The bag was so heavy now that the secretary used both hands to get it on the table. In another moment he had taken out the jewelled belt presented to Maguire by the State of Nevada, the solid silver statuette of himself, and the gold brick from the citizens of Sacramento.
Either the sight of his treasures, so nearly lost, or the feeling that the thief had dared to tamper with them after all., suddenly infuriated Maguire to such an extent that he had bestowed a couple of brutal kicks upon the senseless form of Raffles before the secretary and I could interfere.
"Play light, Mr. Maguire!" cried the sallow secretary. "The man's drugged, as well as down."
"He'll be lucky if he ever gets up, blight and blister him!"
"I should judge it about time to telephone for the police."

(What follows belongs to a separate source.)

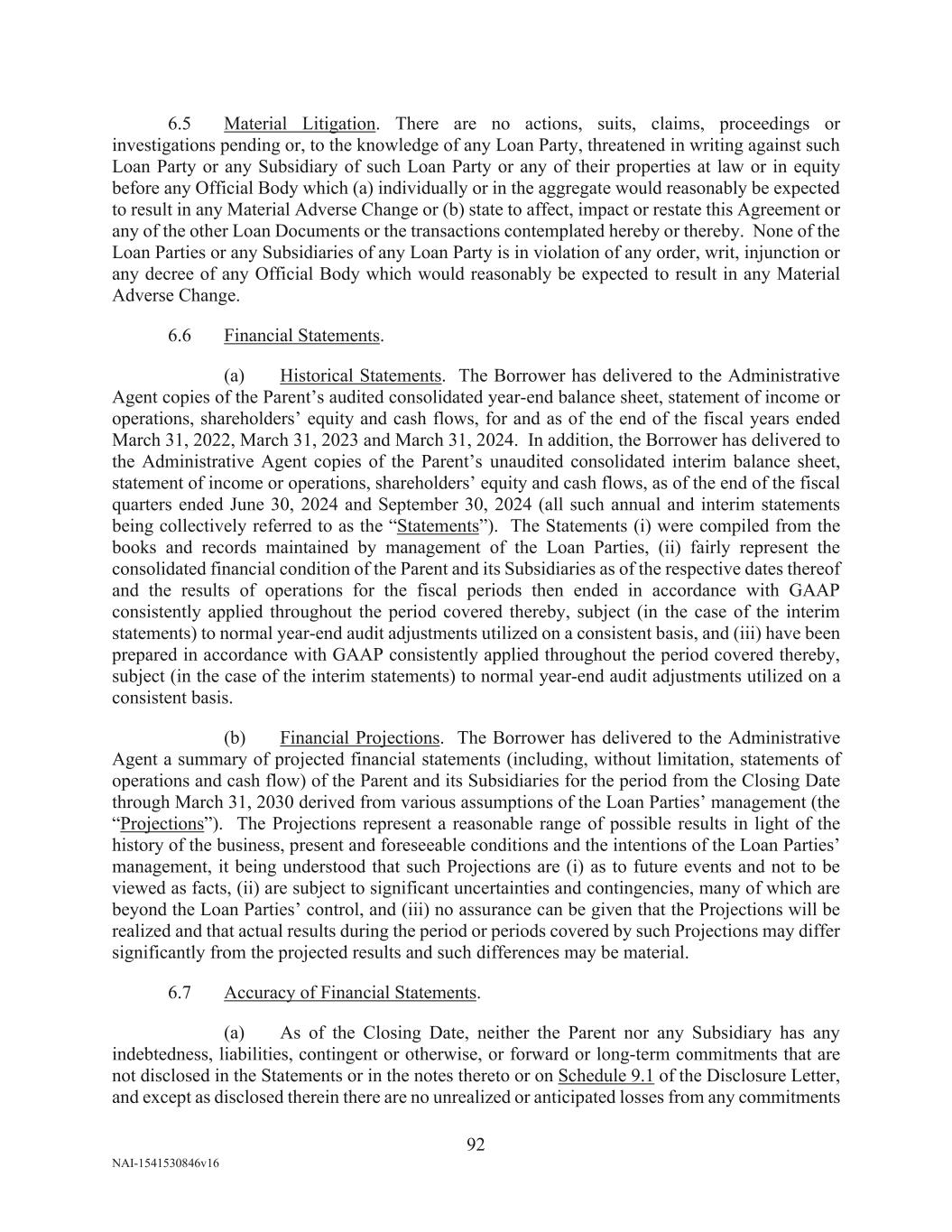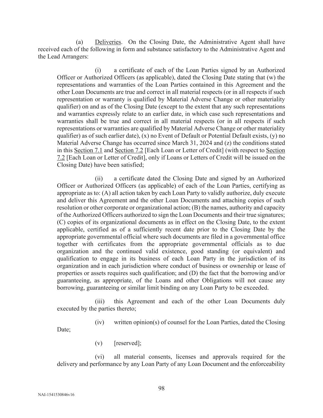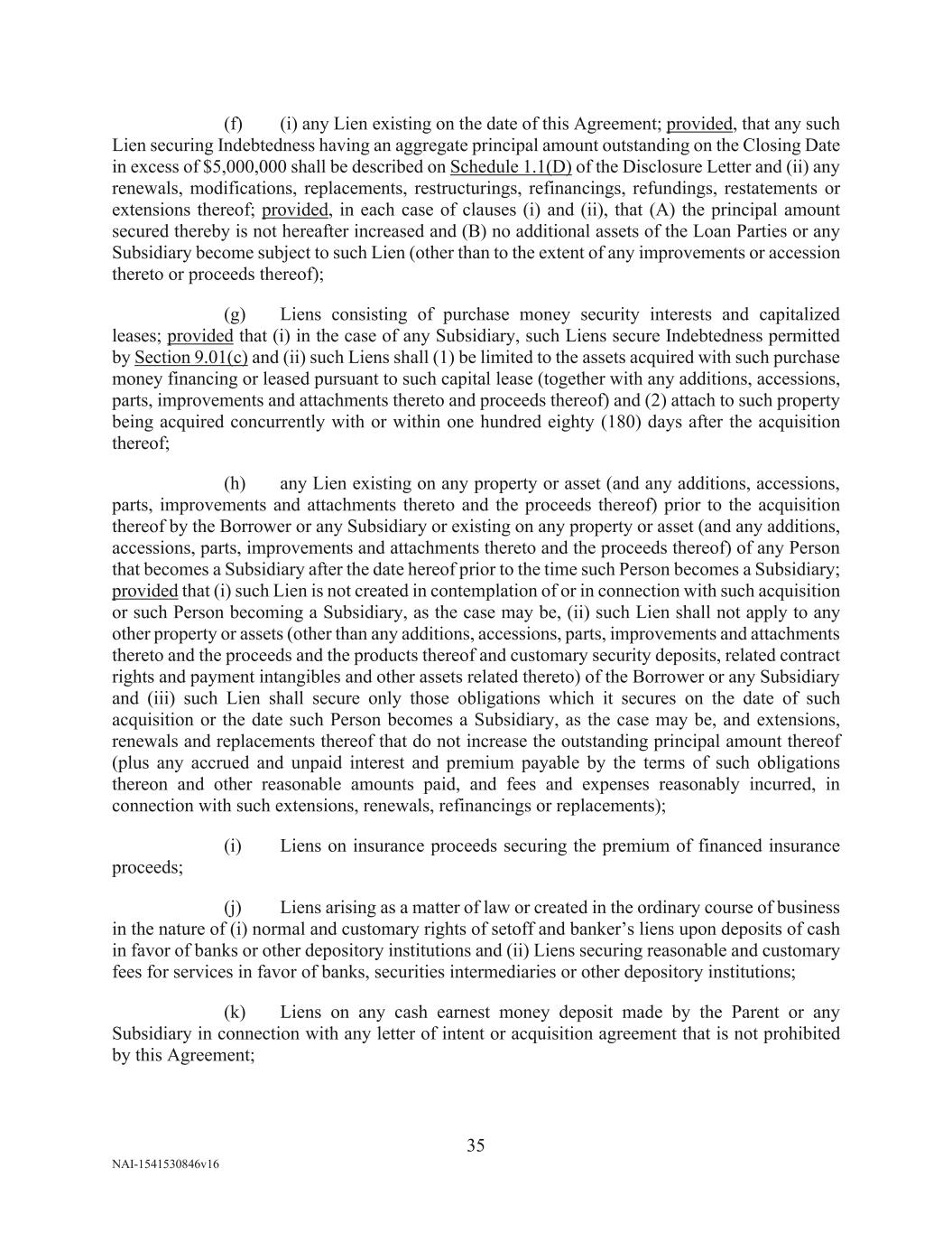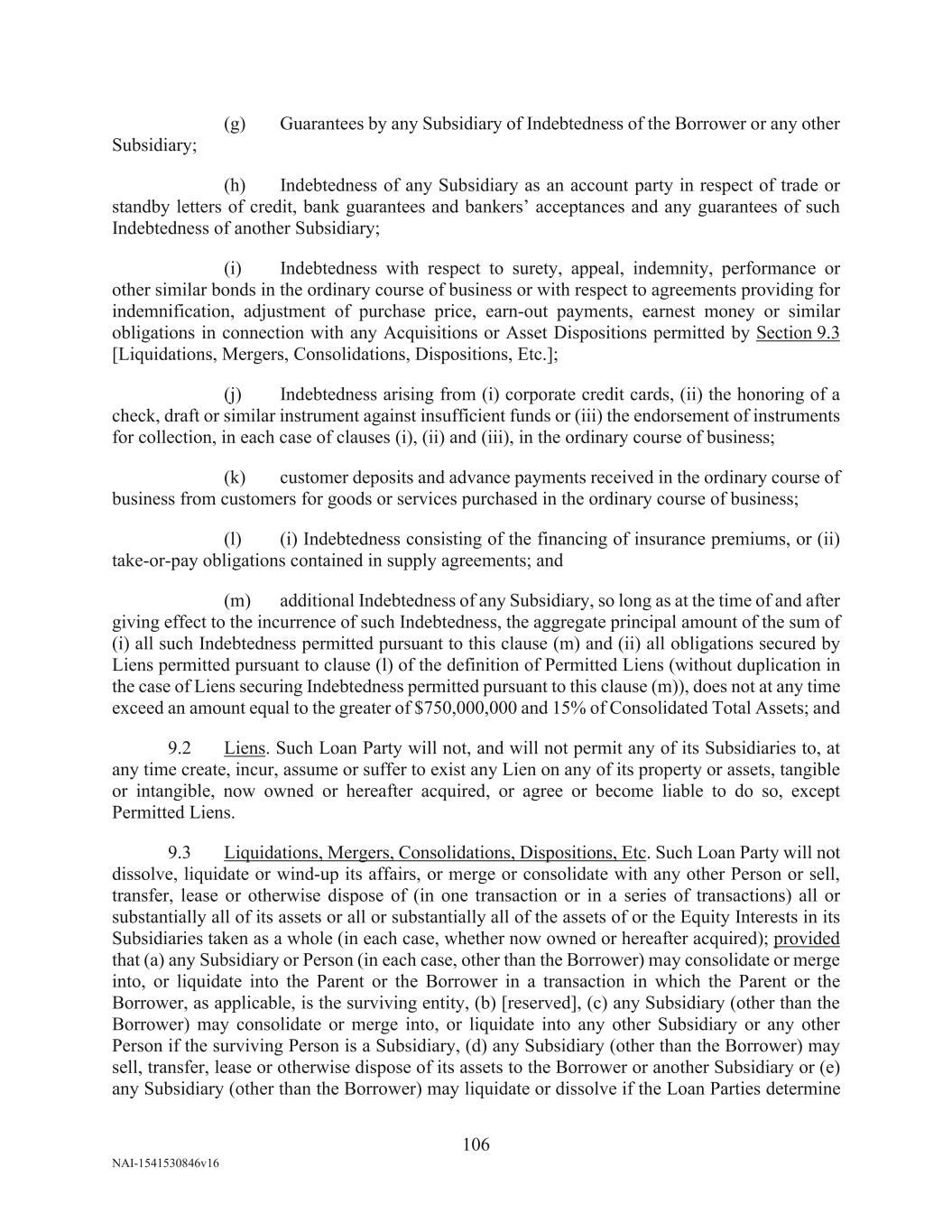 NAI-1541530846v16 TABLE OF CONTENTS (continued) Page 6.15 Environmental Matters......................................................................................... 95 6.16 Solvency ............................................................................................................... 96 6.17 Sanctions and International Trade Laws .............................................................. 96 6.18 Anti-Corruption Laws .......................................................................................... 97 6.19 Certificate of Beneficial Ownership .................................................................... 97 6.20 Labor Matters ....................................................................................................... 97 ARTICLE 7 CONDITIONS OF LENDING AND ISSUANCE OF LETTERS OF CREDIT ...................................................................................................................................... 97 7.1 Initial Loans and Letters of Credit. ...................................................................... 97 7.2 Each Loan or Letter of Credit ............................................................................ 100 ARTICLE 8 AFFIRMATIVE COVENANTS ...................................................................... 100 8.1 Preservation of Existence, Etc. .......................................................................... 100 8.2 Payment of Liabilities, Including Taxes, Etc. .................................................... 100 8.3 Maintenance of Insurance .................................................................................. 101 8.4 Maintenance of Properties and Leases ............................................................... 101 8.5 Inspection Rights ............................................................................................... 101 8.6 Keeping of Records and Books of Account ....................................................... 102 8.7 Compliance with Laws; Use of Proceeds. ......................................................... 102 8.8 Compliance with Swiss Ten Non-Bank Rule and Swiss Twenty Non-Bank Rule .................................................................................................................... 102 8.9 Anti-Corruption Laws, Anti-Money Laundering Laws, and International Trade Laws......................................................................................................... 102 8.10 [Reserved]. ......................................................................................................... 102 8.11 [Reserved]. ......................................................................................................... 102 8.12 Reporting Requirements .................................................................................... 102 8.13 Certificates; Notices; Additional Information ................................................... 103 8.14 Certificate of Beneficial Ownership and Other Additional Information ........... 104 ARTICLE 9 NEGATIVE COVENANTS .............................................................................. 105 9.1 Subsidiary Indebtedness..................................................................................... 105 9.2 Liens ................................................................................................................... 106 9.3 Liquidations, Mergers, Consolidations, Dispositions, Etc ................................. 106 9.4 Maximum Consolidated Net Leverage Ratio .................................................... 107

"Not till I've done with him. Wait till he comes to! I guess I'll punch his face into a jam pudding! He shall wash down his teeth with his blood before the coppers come in for what's left!"
"You make me feel quite ill," complained the grand lady in the chair. "I wish you'd give me a little something, and not be more vulgar than you can 'elp."
"Help yourself," said Maguire, ungallantly, "and don't talk through your hat. Say, what's the matter with the 'phone?"
The secretary had picked up the dangling receiver.
"It looks to me," said he, "as though the crook had rung up somebody before he went off."